Below is an example policy for the postISRCCD dataset from obs_cfht's MegacamMapper.paf, extended so that it is a composite where the WCS can be loaded separately. (I chose postISRCCD from obs_cfht's MegacamMapper.paf, only because it uses an ExposureF)

exposures : {
    postISRCCD: {
        template: "postISRCCD/%(runId)s/%(object)s/%(date)s/%(filter)s/postISRCCD-%(visit)d-%(ccd)02d.fits"
        composite: {
            info: {
                datasetType: composite_ExposureInfo
            }
        }
        python: "lsst.afw.image.ExposureF"
        persistable: "ExposureF"
        storage: "FitsStorage"
        level: "Ccd"
        tables: "raw"
        columns: "visit"
        columns: "ccd"
    }

    composite_ExposureInfo: {
        Template: "postISRCCD/%(runId)s/%(object)s/%(date)s/%(filter)s/postISRCCD-%(visit)d-%(ccd)02d.fits"
        composite: {
            wcs: {
                datasetType: wcs
            }
        }
        python: "lsst.afw.image.ExposureInfo"
        persistable: "ExposureInfo" 
        storage: "FitsStorage"
        // I'm not sure if these fields are valid here?
        level: "Ccd"
        tables: "raw"
        columns: "visit"
        columns: "ccd"
    }

    wcs: {
        // would want to specify a different template?
        template: "calexp/%(runId)s/%(object)s/%(date)s/%(filter)s/%(tract)d/wcs-%(visit)d-%(ccd)02d.fits"
        python: "lsst.afw.image.Wcs"
        persistable: "Wcs"
        storage: "FitsStorage"
    }
}

Note; Exposure Class Hierarchy

Exposure is made up of many subclasses:

Exposure
- MaskedImageT
  - ImagePtr
  - MaskPtr
  - VariancePtr
- ExposureInfo
  - WCS (ptr)
  - PSF (ptr)
  - Calib (ptr)
  - Detector (const ptr)
  - Polygon (const ptr) ‘valid polygon’
  - Filter (object)
  - PropertySet (ptr)
  - CoaddInputs (ptr)
  - ApCorrMap (ptr)

Assembler

Generic Assembler

We can build a generic assembler that can parse these policy hierarchies to build and persist composite datasets.
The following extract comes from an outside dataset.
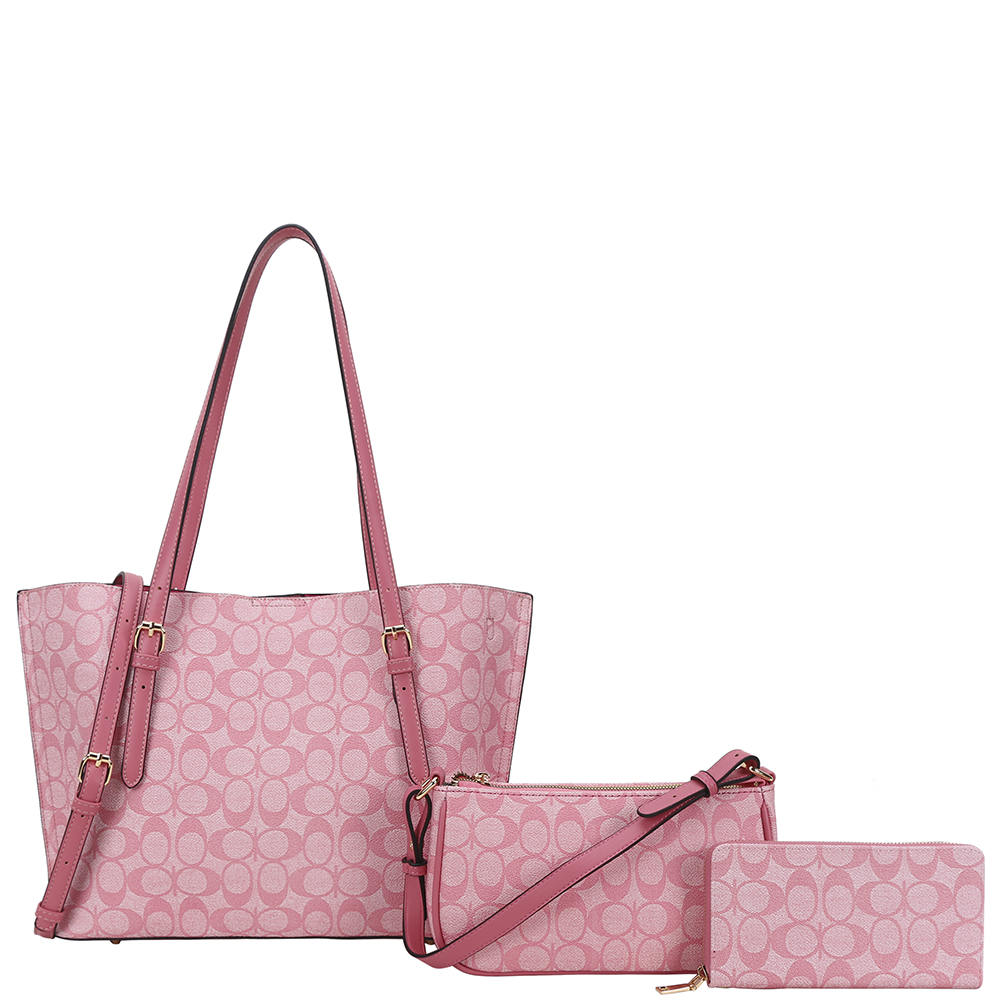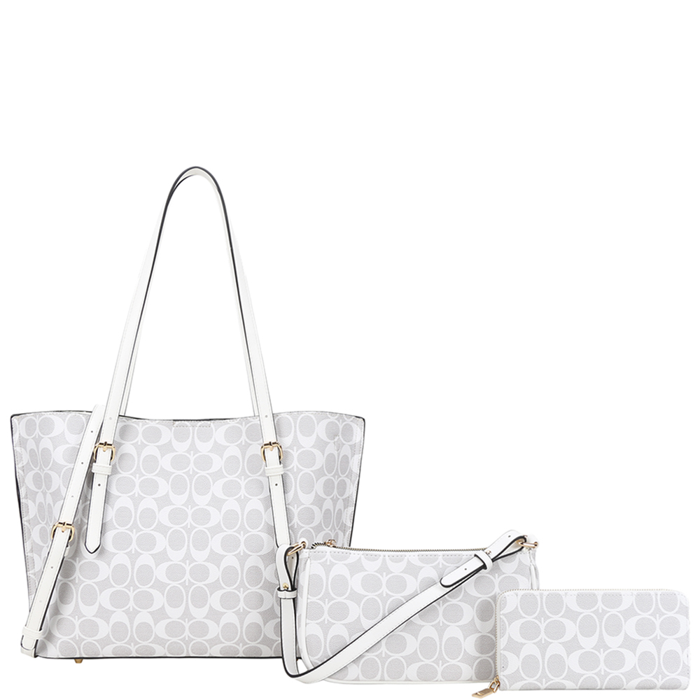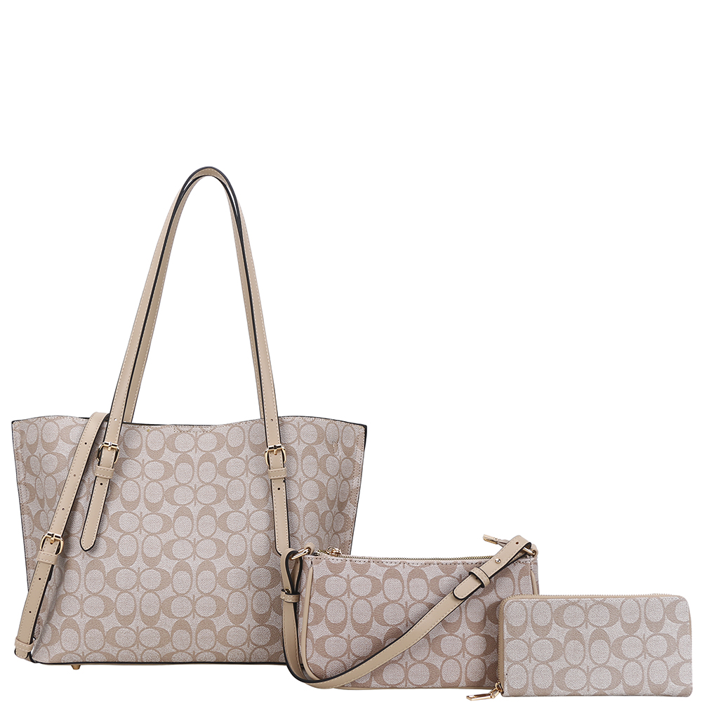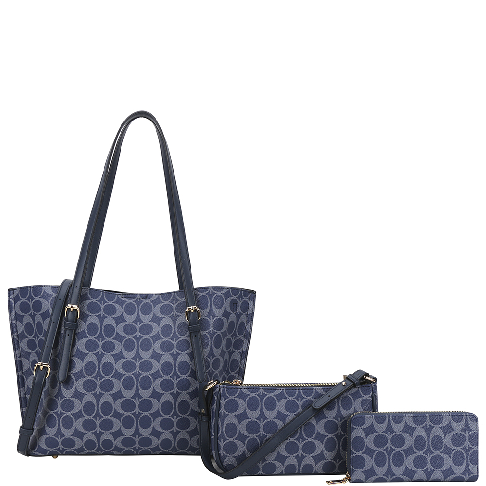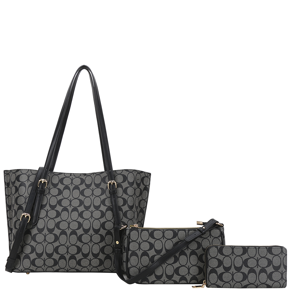 3IN1 OVAL PRINT SHOULDER TOTE BAG W CROSSBODY AND WALLET SET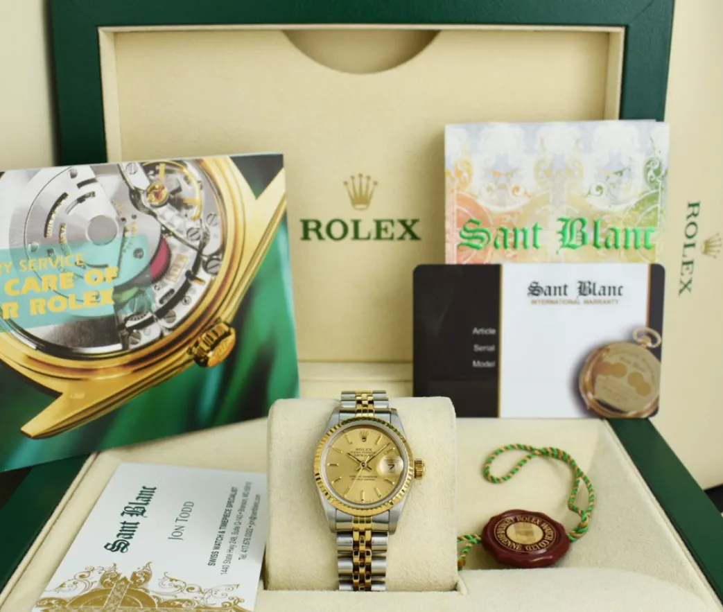 Ladies Watches | Dress Watches | Sant Blanc ROLEX Ladies 18kt Gold & Stainless Steel DateJust Champagne Stick Dial Model 69173

If a different assembler is required or desired, an assembler and disassembler that should be used can be indicated in the dataset’s composite section.
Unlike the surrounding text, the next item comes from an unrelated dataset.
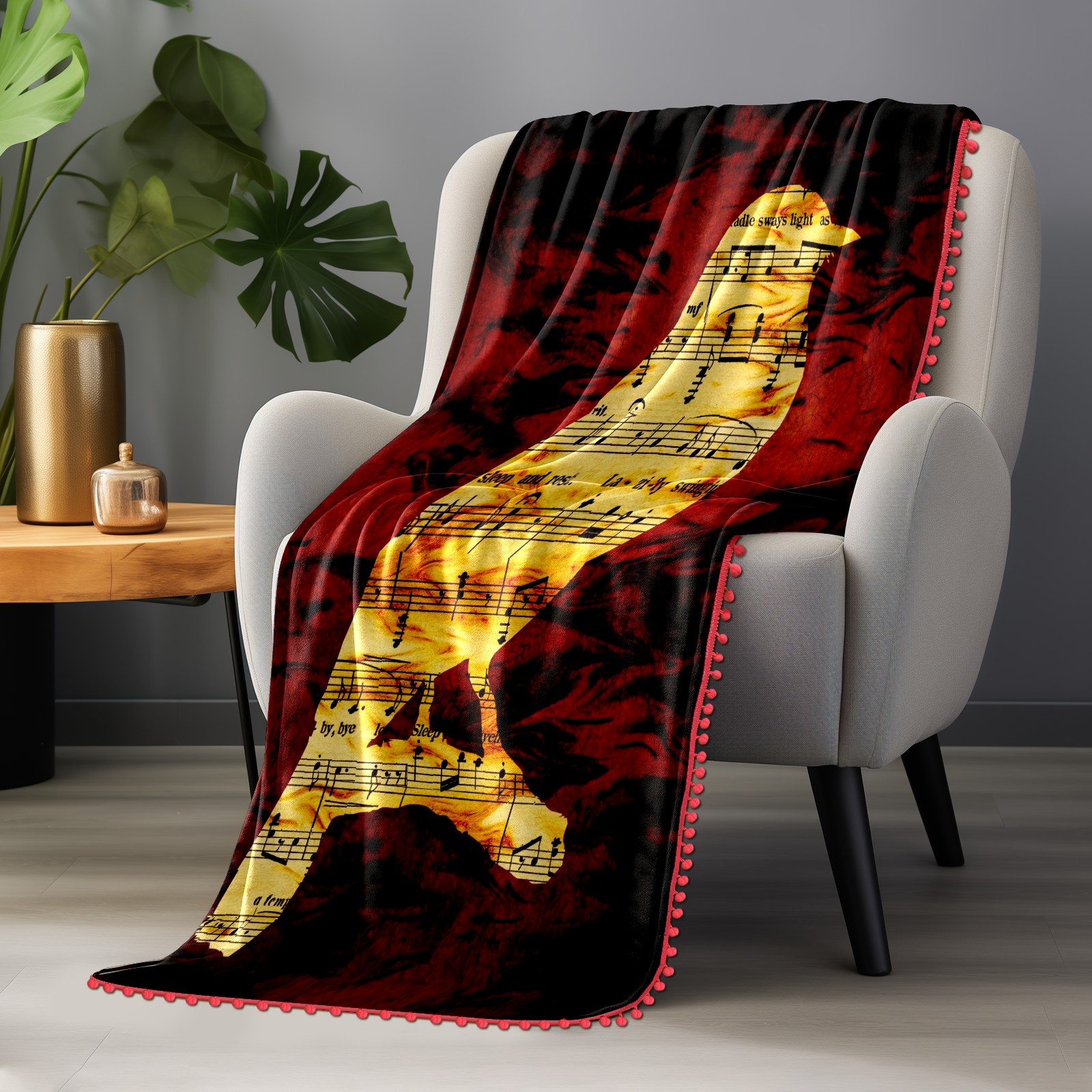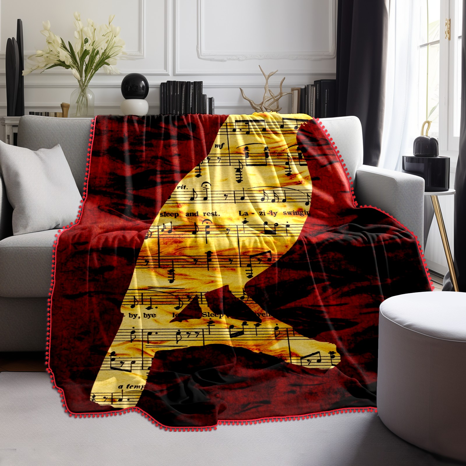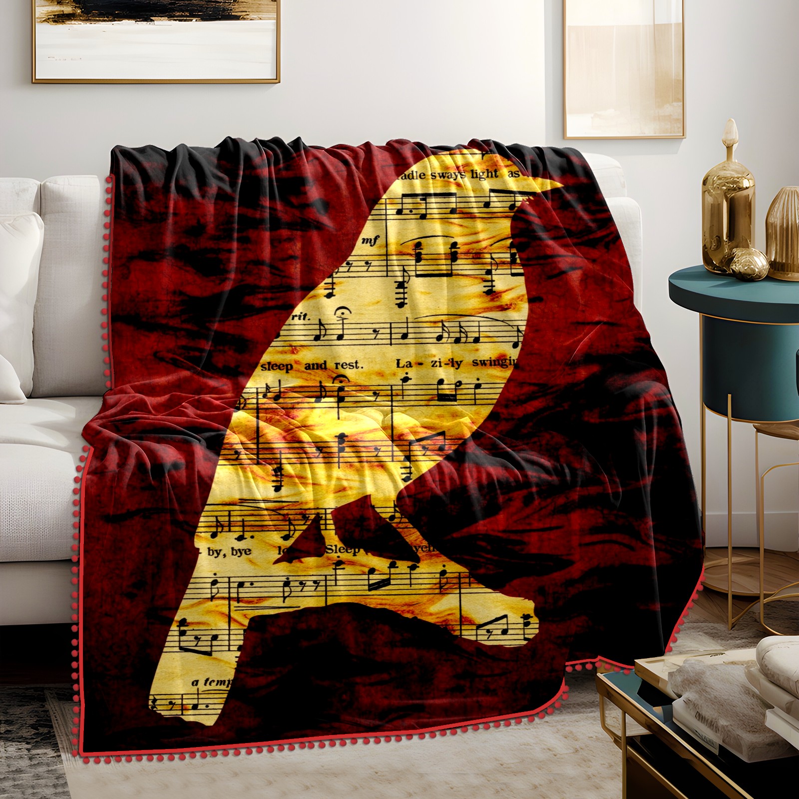 流苏毛毯 Bird Musical Notes Sheet

The generic algorithm proposal looks something like the following:

createObject(datasetType, dataId, classObj)
    components = {}
    if datasetType has 'composite':
        for name, componentInfo in datasetTypes.composite.iteritems():
            components[name] = createObject(val.componentInfo, dataId)
    obj = classObj()
    for name in components:
        setterName = (get setter from the policy else generate setter name)
        setter = getattr(obj, setterName)
        setter(components[name])
    return obj

Custom Assembler

If the policy specifies an assembler then instead of the generic assembler the specified assembler will be used to instantiate the object with components. A disassembler can also be specified

It is proposed that we can implement this feature initially using the generic assembler and not implement the custom assembler use until a need arises. This allows us to defer specifying the assembler and disassembler signatures until we have a concrete use case.

Init Order

The default assembler builds from the bottom up so that if a component object replaces a default part of a composite, the component will be applied after the composite has been initialized.
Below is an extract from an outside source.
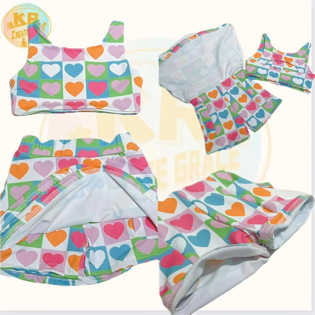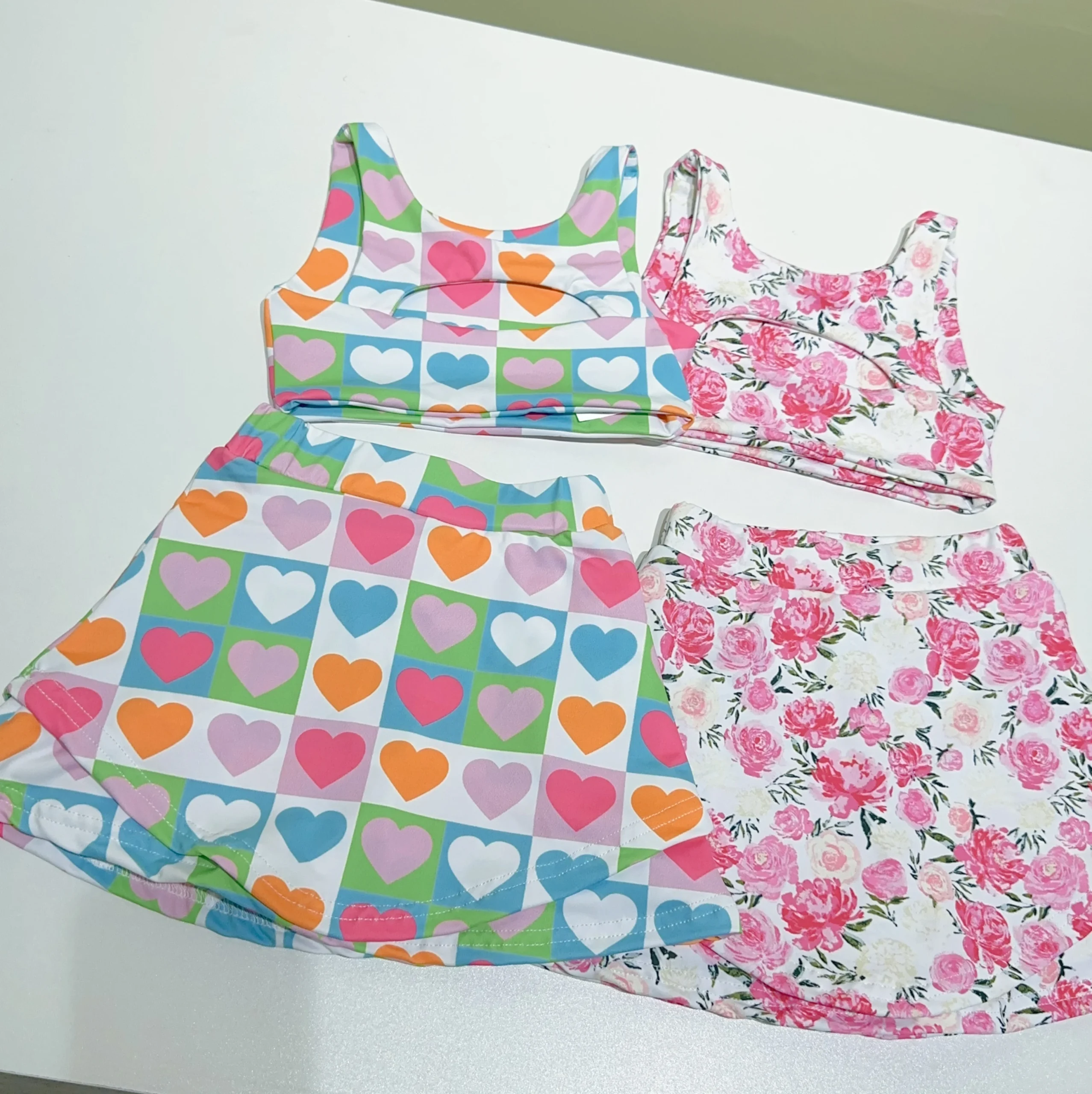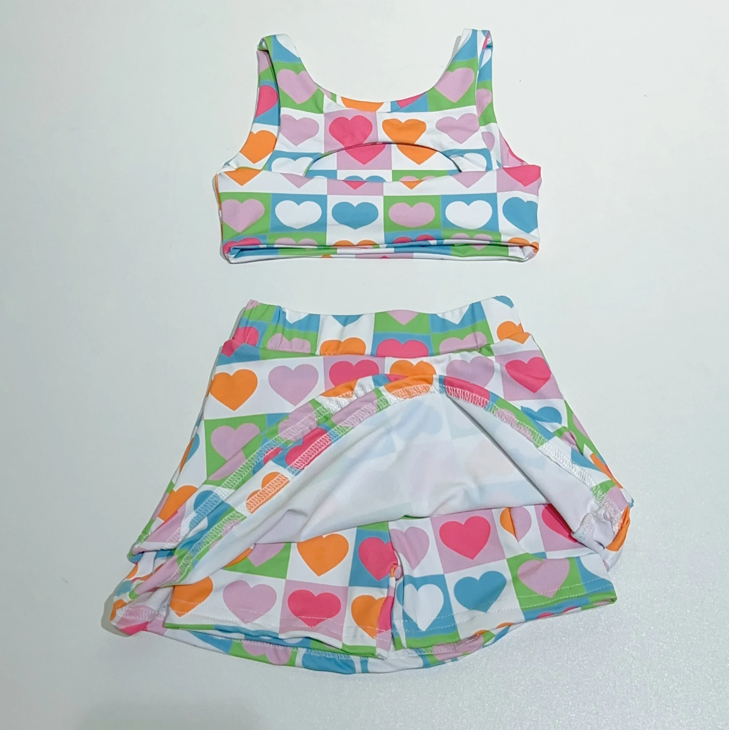 Wholesale Popular Above Knee Knit Yoga Skirts for Girls Private Label Short Nylon Spandex Baby Girls Sports Sets
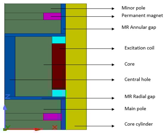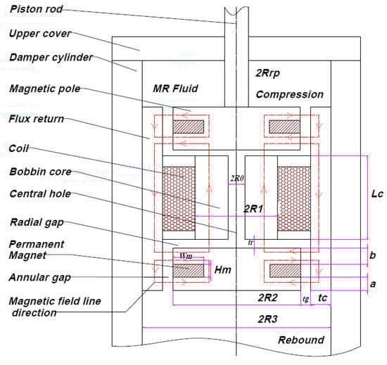 The initial magnetic field is supplied by the PMs, wherein the field generated from the bobbin core passes through the annular gap (lower or upper), continues to the magnetic core cylinder (flux return), and returns to the core to complete a magnetic circuit cycle. The field generated by the PM has a greater influence on the annular channel than on the radial channel. To enhance the magnetic field generated by the magnets, a positive/negative current is applied to the coil to generate the primary magnetic field. Unlike the field generated by the magnets, that from the coil can be gradually increased by varying the current input. Depending on the position of the PM poles, the magnetic field of the coil can cancel or strengthen the field induced by PM. The PM field from the magnets creates yield stress in the MR fluid around the annular channel, which prevents the model from acting as a passive damper in the case of electric failure. As is evident from Figure 1, as the piston is compressed, the MR fluid flows from the upper annular gap into the upper radial gap. The fluid from the upper radial gap passes through the central hole of the core to the lower radial and annular gaps. This process is repeated during the rebound process. In addition, according to [22] the MR fluid fills the space between the channels because of the pressure drop, which is controlled by the magnetic field of the PM and electromagnetic coil.

If it is possible for 2 component objects to overwrite the same data in a composite object then the order the setters are called in will become important. We could preserve the order the components are listed in the 'composite' section of the dataset policy to specify order. TBD do we need this?

TBD In the generic assembler, do we need to be able to interpose the root object class to a place other than last in the init sequence?

Duplicated Member Optimization

In our example it may be wasteful if the ExposureF constructor deserializes all of its members (and members-of-members, etc) out of one fits file, and then members are replaced.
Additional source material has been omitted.